Data provided.
•••
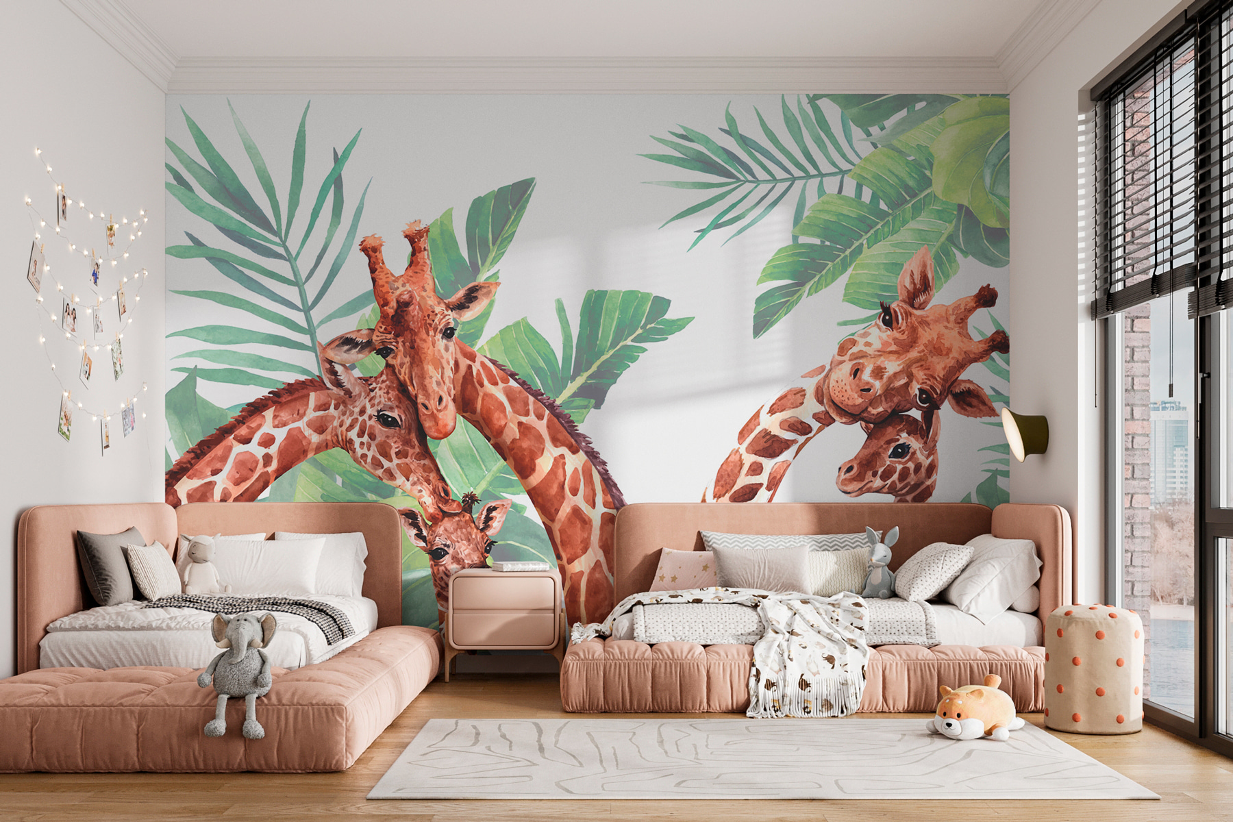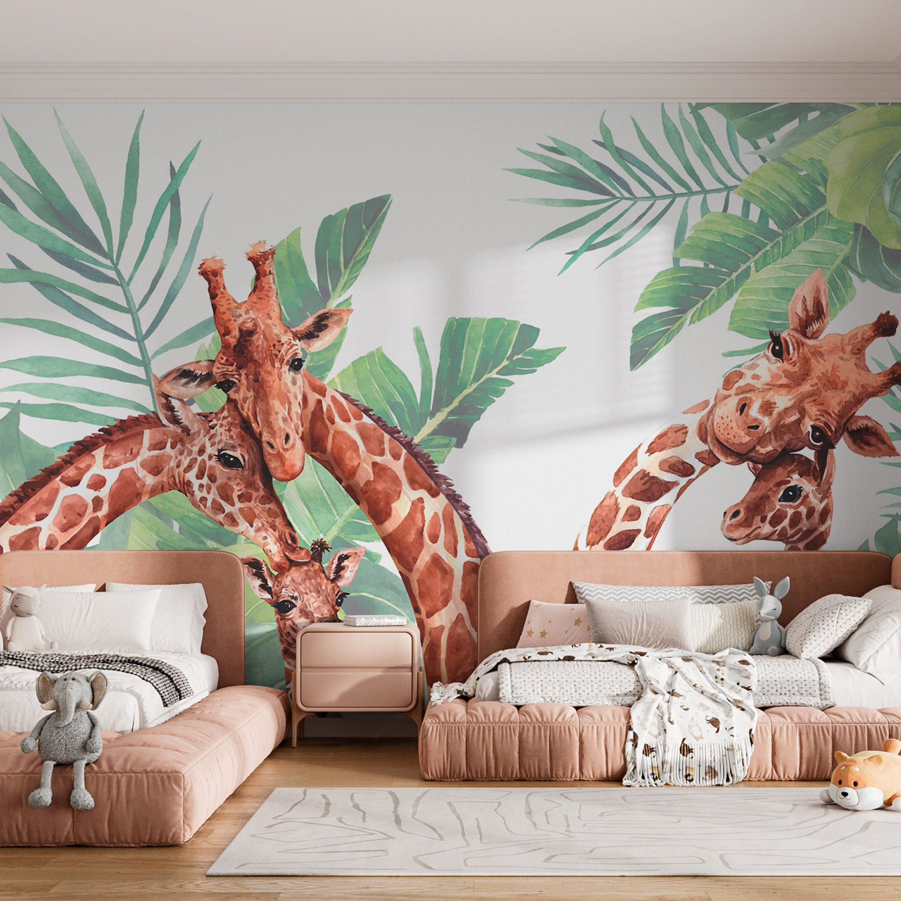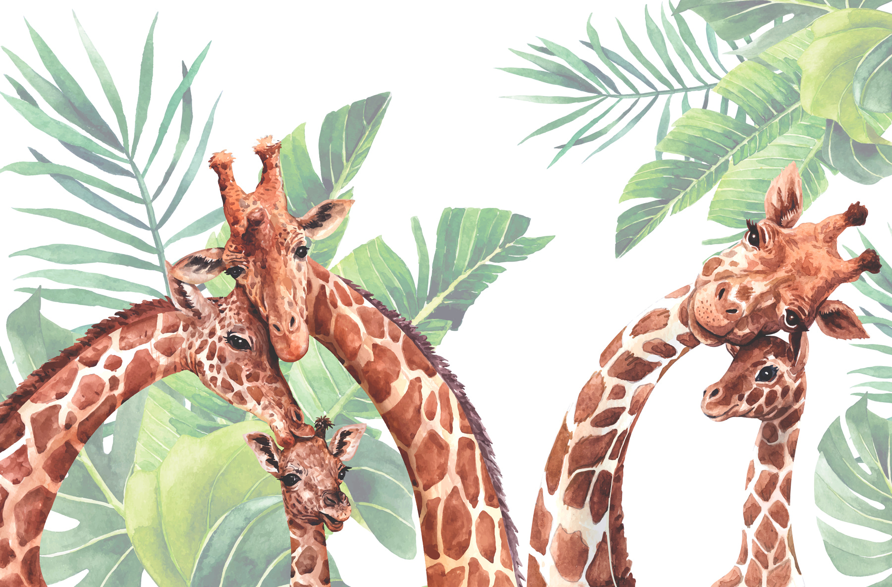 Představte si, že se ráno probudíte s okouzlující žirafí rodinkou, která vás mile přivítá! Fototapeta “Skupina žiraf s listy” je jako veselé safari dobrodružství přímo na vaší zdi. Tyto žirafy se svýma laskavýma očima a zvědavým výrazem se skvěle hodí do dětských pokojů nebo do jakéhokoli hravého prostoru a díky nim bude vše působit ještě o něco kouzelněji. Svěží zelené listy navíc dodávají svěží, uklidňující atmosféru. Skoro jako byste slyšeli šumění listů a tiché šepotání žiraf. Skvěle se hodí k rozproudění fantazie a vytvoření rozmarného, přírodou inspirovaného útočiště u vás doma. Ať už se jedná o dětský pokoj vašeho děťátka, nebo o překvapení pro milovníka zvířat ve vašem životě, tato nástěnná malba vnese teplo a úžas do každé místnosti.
•••
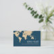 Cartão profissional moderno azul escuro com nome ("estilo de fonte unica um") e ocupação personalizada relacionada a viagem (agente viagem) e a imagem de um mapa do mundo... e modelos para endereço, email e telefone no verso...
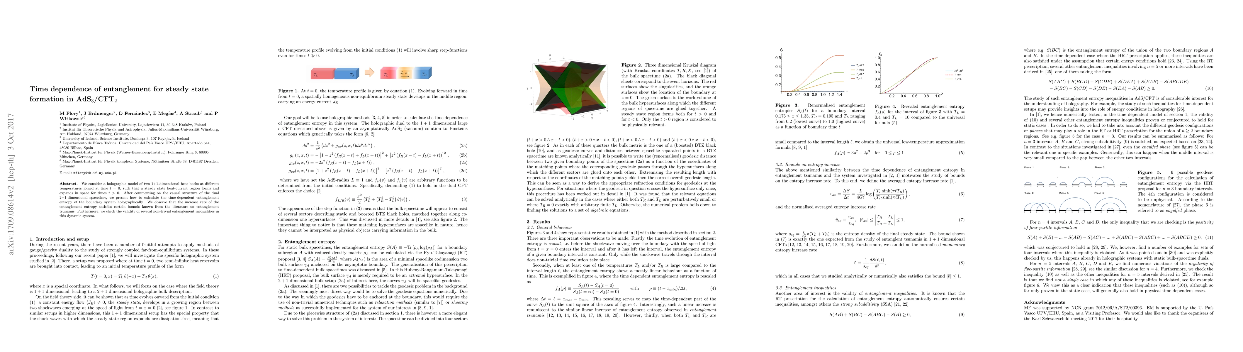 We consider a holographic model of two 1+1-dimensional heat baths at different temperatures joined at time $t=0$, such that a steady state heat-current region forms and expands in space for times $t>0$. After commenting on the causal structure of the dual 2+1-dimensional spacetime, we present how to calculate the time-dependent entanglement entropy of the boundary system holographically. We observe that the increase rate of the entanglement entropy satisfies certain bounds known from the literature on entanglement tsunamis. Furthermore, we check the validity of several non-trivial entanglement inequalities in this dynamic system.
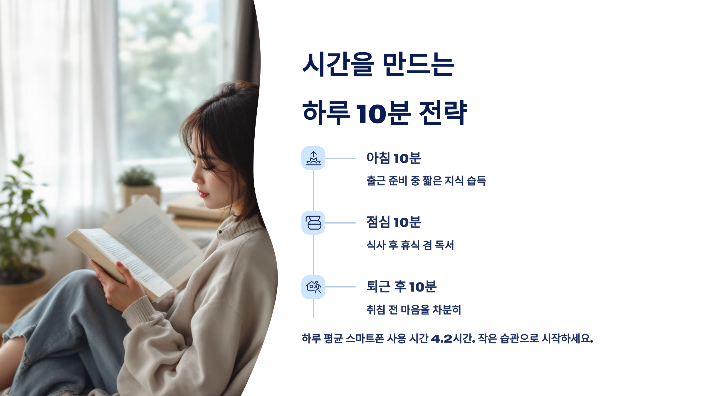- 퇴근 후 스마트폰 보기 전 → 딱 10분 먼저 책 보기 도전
•••
Problem. In the listing above, find the line with "Cartão profissional moderno" and the line with "- 퇴근 후 스마트폰 보기 전 → 딱 10분 먼저 책 보기 도전". Copy exactly those two and every line between, without the pictures.

Answer below.
 Cartão profissional moderno azul escuro com nome ("estilo de fonte unica um") e ocupação personalizada relacionada a viagem (agente viagem) e a imagem de um mapa do mundo... e modelos para endereço, email e telefone no verso...
 We consider a holographic model of two 1+1-dimensional heat baths at different temperatures joined at time $t=0$, such that a steady state heat-current region forms and expands in space for times $t>0$. After commenting on the causal structure of the dual 2+1-dimensional spacetime, we present how to calculate the time-dependent entanglement entropy of the boundary system holographically. We observe that the increase rate of the entanglement entropy satisfies certain bounds known from the literature on entanglement tsunamis. Furthermore, we check the validity of several non-trivial entanglement inequalities in this dynamic system.
- 퇴근 후 스마트폰 보기 전 → 딱 10분 먼저 책 보기 도전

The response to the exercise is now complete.